(Records drawn from a dataset)

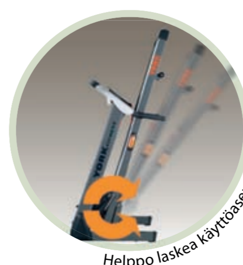
Helppo laskea käyttöasentoon
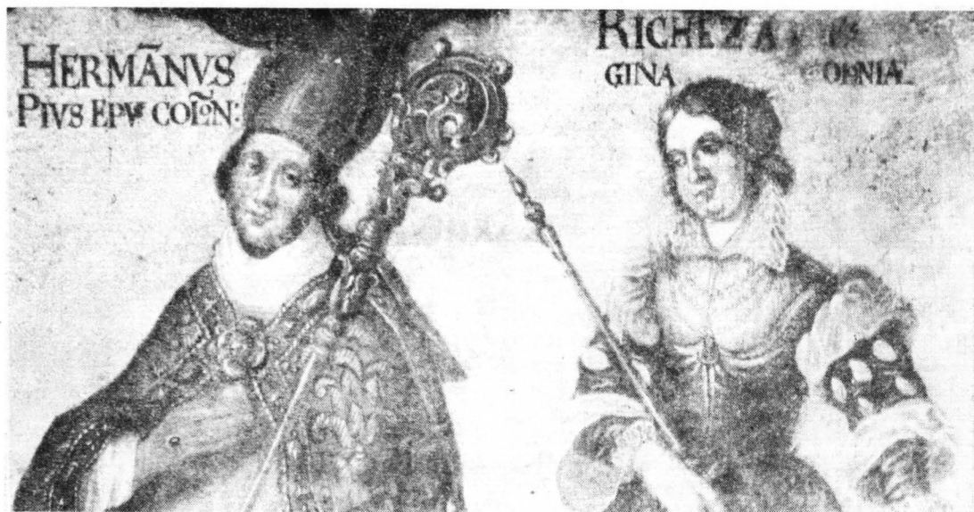
Rycheza — Regina Poloniae i jej brat Herman II — arcybiskup Kolonii. Fragment barokowego obrazu fudatorów z 1657 r. w byłym kościele przy opactwie Benedyktynów w Brauweiler.
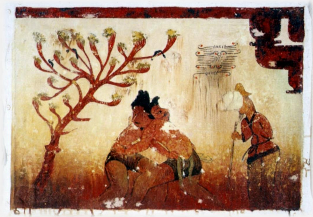
정기화 필 각저총 각저도
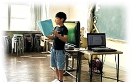
【代表児童の作文発表】
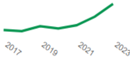
Gambar 1. 1 Data KBG terhadap Perempuan 2017-2023
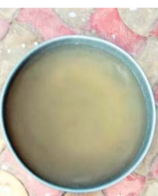
जलदाय विभाग की पेयजल सफाई से आ रहा दूषित जल।
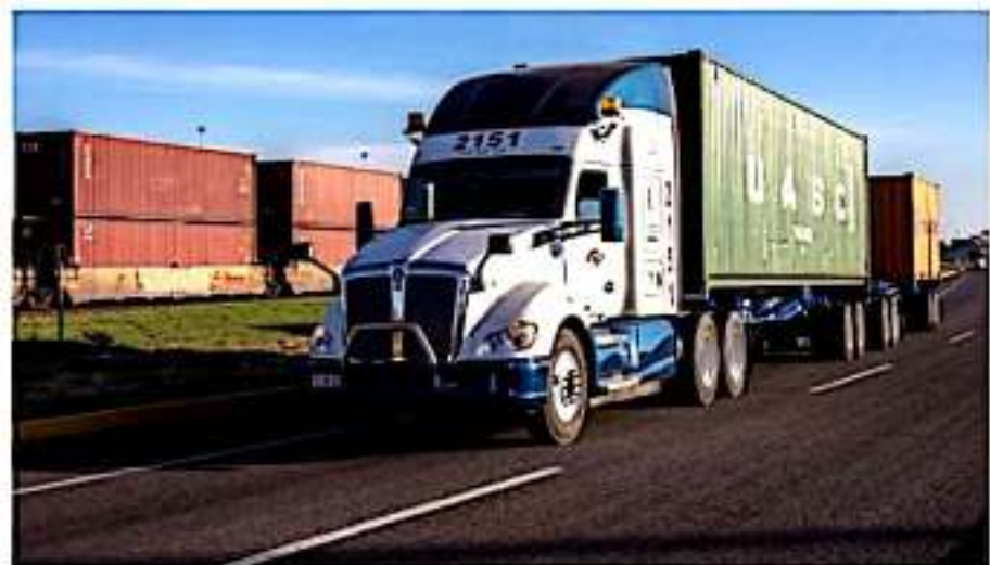
CD. LÁZARO CÁRDENAS, MICH.- El Puerto Lázaro Cárdenas, reportó durante el cierre de año 2019 un total de ingresos de 366 mil 110 camiones, a través de la ASLA.
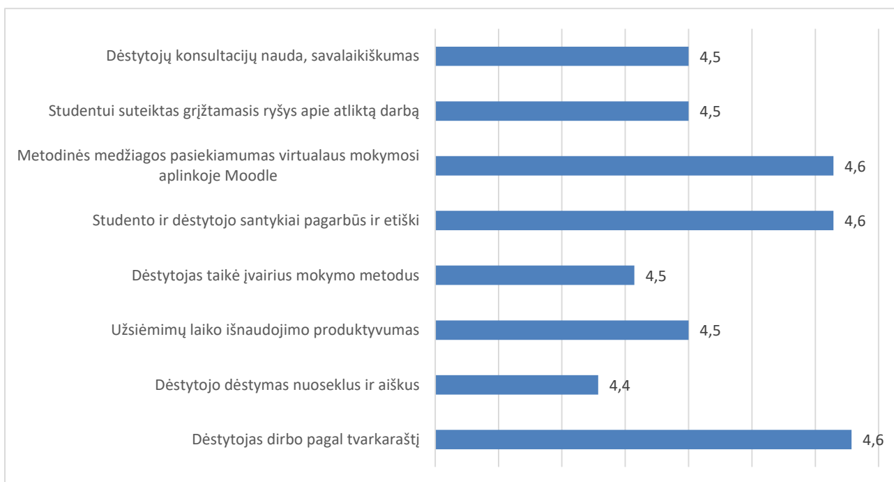
2 pav. Studijų programos Agroverslų technologijos dalykų dėstymo kokybės vertinimas pagal kriterijus (aritmetinis vidurkis)

Studijų programos Agroverslų technologijos dalykų dėstymo kokybės įvertinimų vidurkis yra 4,5 balo (žr. 2 pav.), t. y. aukštesnis nei 2022–2023 m. m. pavasario semestre (buvo 4,4 balo).
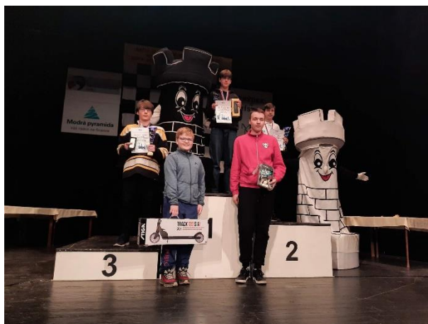
8 Vyhlášení Turnajů šachových nadějí - chlapci do 15 let
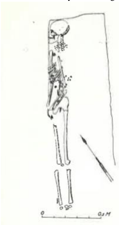
Figur 1 Plan över grav 9 från Vivallen

Gravarna påträffades i sydslänten av den ca två meter höga sandrygg som finns på platsen. De flesta gravarna i Vivallen låg tätt i förhållande till varandra, i smala gropar (vissa var endast 25 cm breda), med fötterna pekande mot den närliggande bäcken. De flesta av de döda var gravlagda på sidan och hårt svepta i näver. Den hårda svenpingenen kan, enligt Zachrisson, ha möjliggjort att få plats med kropparna i de smala groparna (1997:56). Inga spår efter kistor har påträffats, men många är lagda ovanpå ett lager av växter, eller annat organiskt material.
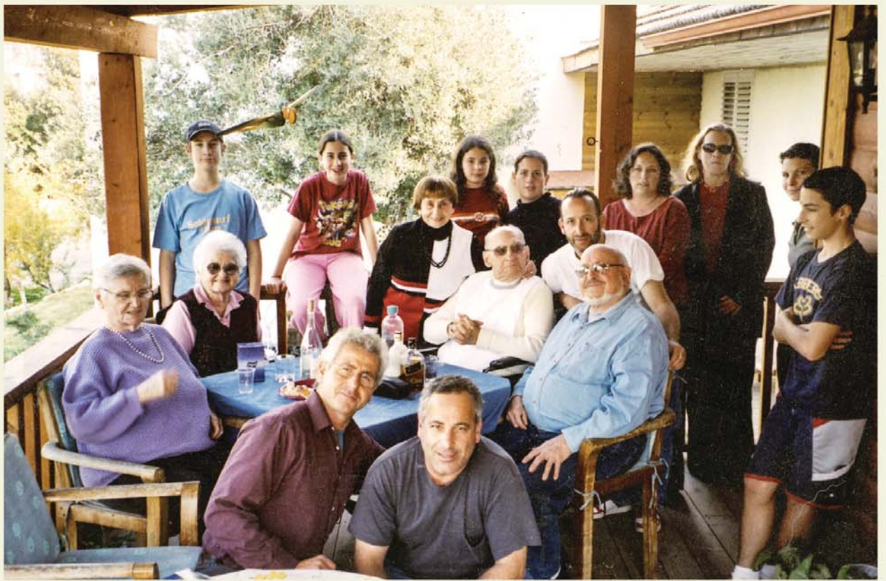
משפחתי (חסרים ערן ושחר)

### WHAT YOU HAVE TO DO
Copy whichever lines above contain the string "technologijos".

### WRITTEN RESPONSE
2 pav. Studijų programos Agroverslų technologijos dalykų dėstymo kokybės vertinimas pagal kriterijus (aritmetinis vidurkis)
Studijų programos Agroverslų technologijos dalykų dėstymo kokybės įvertinimų vidurkis yra 4,5 balo (žr. 2 pav.), t. y. aukštesnis nei 2022–2023 m. m. pavasario semestre (buvo 4,4 balo).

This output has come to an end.